17. Şarta Bağlı Sermaye Artırımı
Yeni Türk Ticaret Kanunu ile sermaye artırımında
üçüncü bir yöntem olan şarta bağlı sermaye artırımı
eklenmiştir. Buna göre genel kurul, yeni çıkarılan
tahviller ve benzeri borçlanma araçları nedeniyle,
şirketten veya topluluk şirketlerinden alacaklı olanlara
veya çalışanlara, esas sözleşmede değiştirme veya
alım haklarını kullanmak yoluyla yeni payları edinmek
hakkı
sağlamak
suretiyle,
sermayenin
şarta
bağlanmasına karar verebilir.
Diğer bir anlatımla şartlı sermaye artırımı, yeni
çıkarılacak tahvillerin ve benzeri borçlanma araçlarının
şirketin pay sahiplerine dönüşmelerini amaçlayan, bu
yolla şirkete sermaye sağlayan ve çalışanlar için pay
senedi çıkarılmasına olanak veren bir sermaye artırımı
yöntemidir.
18. Anonim Ortaklıklarda Borçlanma Araçları İhraç Tavanı
Anonim ortaklıklar öz kaynakları yeterli olmadığında yabancı kaynaklara da
başvururlar. Yabancı kaynaklar finansal kurumlardan kredi kullanmak şeklinde
sağlanabileceği gibi menkul kıymet ihraç edilerek de sağlanabilir. Halka açık
anonim şirketlere menkul kıymet çıkararak borçlanma konusunda halka kapalı
anonim şirketlere göre avantajlar sağlanmaktadır.
Halka açık ortaklıkların ihraç limiti, ana ortaklığa ait özkaynak tutarının beş katını
geçemez. Halka açık olmayan ortaklıkların ihraç limiti ise ana ortaklığa ait
özkaynak tutarının üç katını geçemez.
19. Anonim Ortaklıklarda Kâr Payı Dağıtımı
Kâr payı temettüye göre daha geniş kapsamlı bir terim olup, anonim şirket
ortaklarına ve kâra katılan yönetim kurulu üyeleri, işçiler, intifa senedi sahipleri
vb. diğer kimselere dağıtılacak kârdan, bunların her birine düşen payı; temettü
ise sadece kârdan anonim şirket ortaklarına dağıtılan payı ifade etmektedir.
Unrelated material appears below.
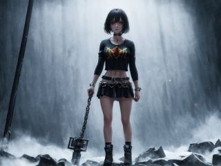 masterpiece,(bestquality),highlydetailed,ultra-detailed,illustration,Depthoffield,(Darkprison:1.2),cold,solo,(1girl),detailedeyes,(Hematicredeyes),(blackshorthair),bobhaircut,(tareme),(crazy),expressionless,(prisoner'sgarb),(long_sleeves),offshoulder,miniskirt,(MonsterEnergy:1.2),(heavymetal:1.2),(metaljewelry),choker,cross-lacedfootwear,cuffs,wristcuffs,(chain),hammer,(DemonArray),(666:1.2),Dryicefog

Temettü avansı da SPK’nın IV/27 Tebliğine göre, ortaklara ara dönem kârı
üzerinden dağıtılacak avanstır. Anonim ortaklıklarda her pay sahibinin, kanun ve
esas sözleşme hükümlerine ve genel kurul kararlarına göre dağıtılmaya tahsis
olunan net dönem kârına payı oranında katılma hakkı vardır.